As always, thanks for all that you do to help us in these uncertain times.
AvatarElliott Gue
4:11
Actually I think we both recommend NEM in various products. It's a high-quality, low-cost gold producer and it's the best-of-breed in the industry in my view. I also like the royalty/streaming names -- While I am not currently recommending one in Creating Wealth, I have recommended FNV in the past and that's usually my go-to name, though both Wheaton and Royal face similar fundamentals. Generally I think gold and precious metals will be driven by the macro/big picture over the next 6 -12 months and the sector can be a little tricky to navigate in the early stages of a recession. They all got a boost amid expectations for the Fed hike cycle to end late-2022/early 2023 and have since come down as peak Fed funds rate expectations have risen. My view is that you'll continue to see some volatility until the recession comes into view (I believe that's likely by Q2/Q3 of this year) and then gold should bottom and these stocks will get a boost as the Fed actually does start to ease.
AvatarElliott Gue
4:11
In Creating Wealth I've recommended a small position in NEM to which I'll likely recommend adding on dips. I'll also look to add exposure to other gold/precious metals names once the recession comes into view including names like FNV.
James
4:22
What do you believe is the fair value of SLB stock over the short, intermediate, and long term?  I have a good size position in SLB and want to be ready to sell partial positions if the stock gets ahead of itself while at the same time being patient and letting it reach the price targets.
AvatarElliott Gue
4:22
Generally, the short-term is driven more by technicals and the charts than fundamentals. SLB has support in the mid to upper $40s and we do recommend buying on dips below $47 or so. My view is that SLB will actually generate higher margins this cycle than in the last cycle and the stock could trade to $80 to $100 over the next 3+ years. In the portfolio, we created our position size recommendation mainly in an effort to offer guidance on when to book partial profits on names like SLB and when to take advantage of dips.
AvatarElliott Gue
4:22
It's tough to recommend specific price levels for taking profits because, generally I'd say that our decision to recommend taking profits would be dependent both on the company-specific fundamentals for a name like SLB and the broader market outlook. For example, we have some concerns about the broader market and the global economy right now, so if SLB were to see a big spike towards the upper $60s and the macro picture remained subdued, that might be the sort of spike that would prompt us to recommend selling some. Longer term though we see a major upside re-rating for this name and will endeavor to manage around the short-term via making recommendations to increase or reduce the position in the model portfolio.
Tom H.
4:40
Roger, should we continue to hold AT&T spin-off WBD?

Thanks
AvatarRoger Conrad
4:40
Hi Tom.
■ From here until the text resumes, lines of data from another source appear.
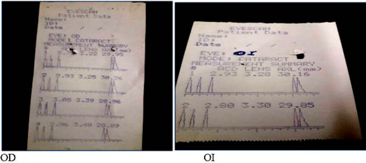
OD Fig. 5. Estudio biométrico.

Alteraciones no oculares: dismorfismo craneofacial leve, hipertelorismo, hipoplasia maxilar con aplanamiento del tercio medio facial,
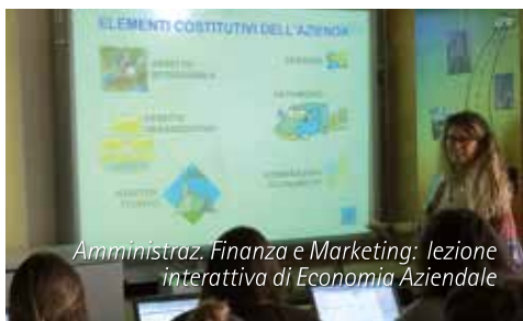
Amministrazione, Finanza e Marketing: lezione interattiva di Economia Aziendale

** Comprensive delle 33 ore annue dell'insegnamento di tutto EDUCAZ. CIVICA.
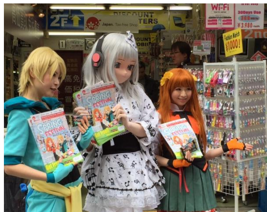
【免税店店頭イベント】
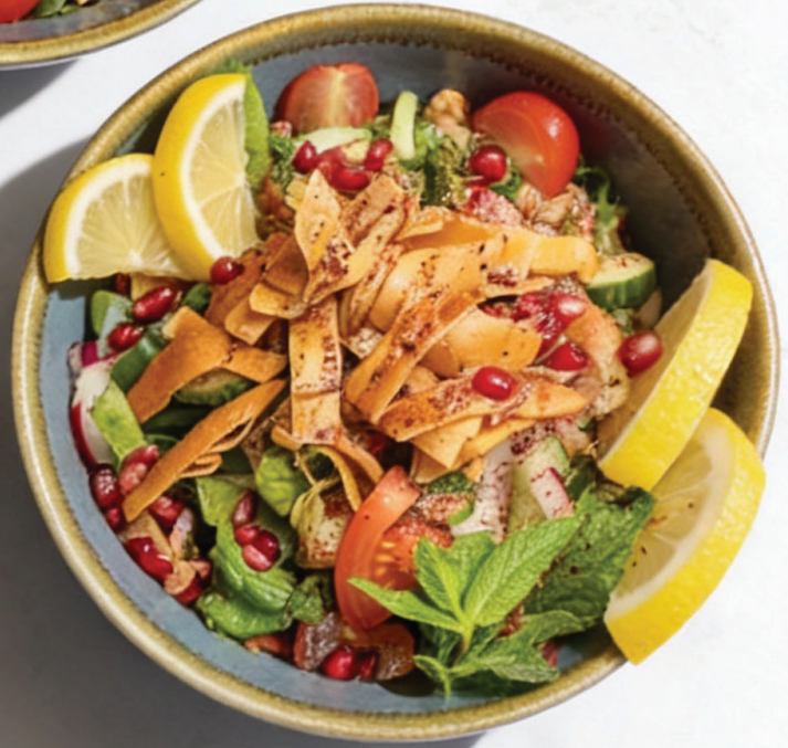
Fattoush Salad سلطه فتوش

Warner Brothers Discovery shares have certainly had a good start to the year, though they're still quite a bit below where they were at the spinoff last year. The key to where they go from here is I think how effectively they're able to deal with the $54.7 bil in debt on their books--$10.5 bil of which is at floating rates. The company has multiple levers to achieve that, including potential asset sales. But the $4.9 bil in free cash flow expected this year ($6.7 bil next) is the most important weapon. And meeting those targets will depend on continuing to generate salable content. I dropped WBD from coverage in CUi because it's not a utility and doesn't pay a dividend. But the question of whether to sell or hold really boils down to whether you need a dividend and don't mind holding a stock that may take a couple years to get back to the original $25 per share level. I think it will get there. But this year's start notwithstanding, it will likely take time.
Alex M
4:41
Hi Elliot.  What's the reason there is usually such a disconnect between the price of gold and major gold miners like FNV or NEM?  Shouldn't their stock moves resemble movements in the price of the underlying resource?  Thanks.
AvatarElliott Gue
4:41
There's definitely a close relationship between gold prices and the price of a name like NEM. If you do a simply regression of weekly changes in NEM and gold since January 1979, a simple trendline shows positive correlation and an R-squared of about 25%. That means that the price of gold "explains" roughly 25% of weekly moves in the price of NEM. That might not sound like it, but it's actually not a bad r-squared for financial time series like this. However it does imply that 75% of changes in the price of NEM can't be explained by gold prices alone. Over the past 5 years, the same regression does yield a closer correlation and a higher r-squared of 53% -- even then, almost half of NEM's movements can't be explained simply by the price of gold.
AvatarElliott Gue
4:41
There are many reasons for this but I think the most important is that while NEM produces gold, it's not a commodity, but a stock. So, when the stock market sells off sharply, NEM can still decline in sympathy with the S&P 500. For example, the price of gold fell 12.5% in March 2020 and the S&P 500 was down 30%+. Gold recovered all its March losses by early April and then soared  almost 25% to its August peak over $2,000. The S&P 500 didn't recover its own losses until late August. NEM was a sort of hybrid: It fell far more than gold in March 2020 (about 25%) but then saw a major rally (72%) as the stock market and gold rallied into mid May 2020. In the 2007-09 cycle, gold traded near $1,000 in March 2008 and near $1,000 in March 2009, a period when the market declined 50% -- NEM was down 30% over this time. In effect, over the long haul there's very little correlation between the S&P 500 and NEM, but during extreme sell-offs the two can become positively correlated for a time.
Ron
4:48
What is your view on DVN after the stock's recent decline or is it a buy at this time?
AvatarElliott Gue
4:48
I think the market didn't like DVN's higher CAPEX guidance in their earnings call though that appears to be primarily a function of recent acquisitions. Longer term, we see DVN as a decent buy near the current quote and given likely free cash flow over the next 5 years or so. We also think they have some good leverage to a recovery in natgas prices over the intermediate term. Generally, though, we continue to prefer other names to DVN  -- CHK, for example, is a name that we think has more upside catalysts from a recovery in natgas prices. Also, we did generally pare back our E&P exposure late last year in the model portfolio in favor of services names and over fears about near-term oil price risks as we approach recession.
David O.
4:50
Gentlemen,

After decades on this earth, and after thousands of hours of observation and contemplation, I have come to the conclusion that modern civilisation requires sufficient amounts of available and affordable oil and gas. Much of the “green stuff” in our portfolios are seeing deteriorating price action. Sold my Dominion position…had a belly full of watching AQN deteriorate.  Nothing that I have seen in life is made easy with salt water…much less wind turbines.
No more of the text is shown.